Mercury is the closest planet to the Sun, while Earth is the third planet out. That means Mercury’s orbit is entirely inside our own, so Mercury never moves very far from the Sun as viewed from Earth. At its best, it can be visible for a short time after sunset or before sunrise.
This is one of those “at its best” times. Over the next couple of weeks, the angle between Mercury and the Sun will offer a good view.
Mercury will actually climb a little farther from the Sun over that period, providing a few extra minutes to watch it. On the other hand, it’ll get fainter — the result of the change in its phase — like phases of the Moon.

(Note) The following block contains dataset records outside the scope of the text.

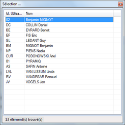 situé à la droite du champ pour ouvrir une fenêtre contenant tous les dossiers qui correspondent au critère de sélection et double cliquez sur le dossier souhaité pour le sélectionner.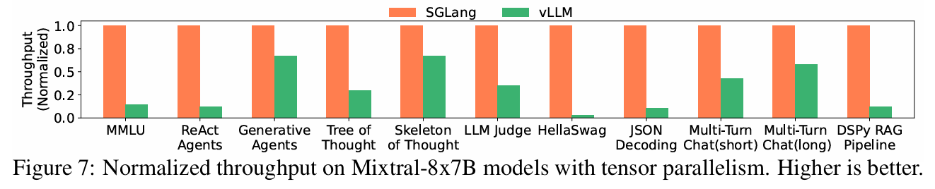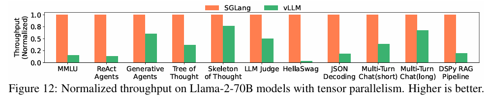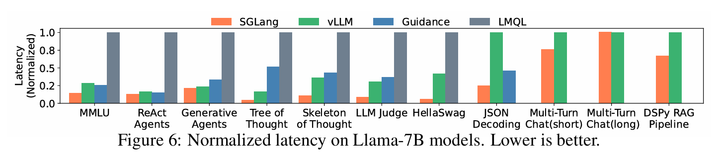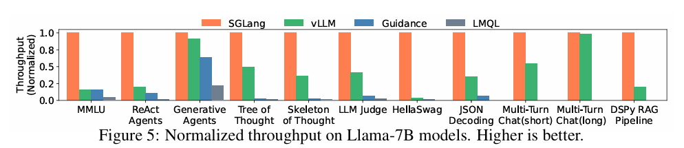 SGLang은 LM program을 direct programming할 수 있게 해주기도 하고, back-end 또한 구현하기 때문에 비교를 위한 Baseline으로 Guidance와 LMQL 그리고 마지막으로 Back-end 단에 해당하는 vLLM을 baseline으로 설정했다.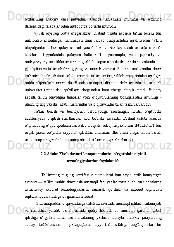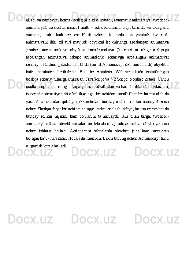 1.1.Adobe Flash dasturi va uning animatsiya yaratishdagi qulayliklarini o’qitishda zamonaviy ta’lim metodlaridan foydalanish

The planet is moving closer to us. On April 11th, when it appears farthest from the Sun, it’ll be about 20 million miles closer to Earth than it is tonight. On the other hand, sunlight will illuminate a much smaller fraction of the hemisphere facing our way. Tonight, about three-quarters of that side is in sunlight. But by the 11th, only about a third will be lit up.
When you put the numbers together, Mercury will be less than half as bright then it is tonight — but still a nice target in the evening twilight.